Assignment:
Could you set down exactly the lines in the records below between the line holding "FIGURA NÚMERO SEIS: SOLDADO" and the line holding "mitades alrededor de", inclusive?

Exercise input:
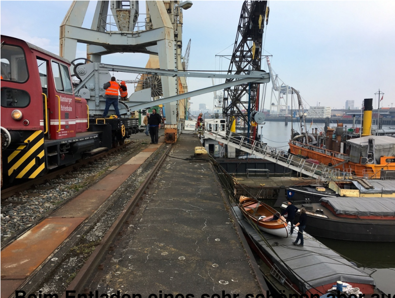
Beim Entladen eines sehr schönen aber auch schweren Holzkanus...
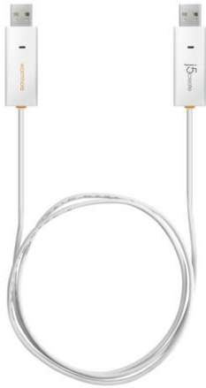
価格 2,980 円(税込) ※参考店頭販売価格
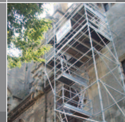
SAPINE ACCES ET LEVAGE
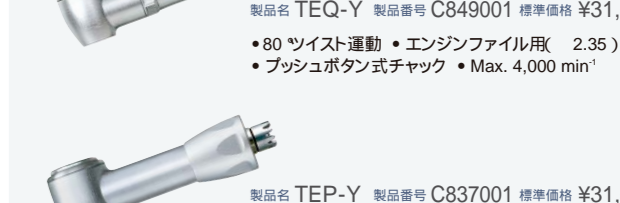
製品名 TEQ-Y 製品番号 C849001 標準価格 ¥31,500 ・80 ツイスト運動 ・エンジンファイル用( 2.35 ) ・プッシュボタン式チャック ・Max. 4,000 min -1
...
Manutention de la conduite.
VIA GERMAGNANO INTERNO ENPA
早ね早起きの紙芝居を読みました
--
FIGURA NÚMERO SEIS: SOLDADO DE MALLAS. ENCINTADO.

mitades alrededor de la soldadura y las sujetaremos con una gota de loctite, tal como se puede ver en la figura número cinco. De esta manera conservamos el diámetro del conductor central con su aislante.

Expected output:
FIGURA NÚMERO SEIS: SOLDADO DE MALLAS. ENCINTADO.

mitades alrededor de la soldadura y las sujetaremos con una gota de loctite, tal como se puede ver en la figura número cinco. De esta manera conservamos el diámetro del conductor central con su aislante.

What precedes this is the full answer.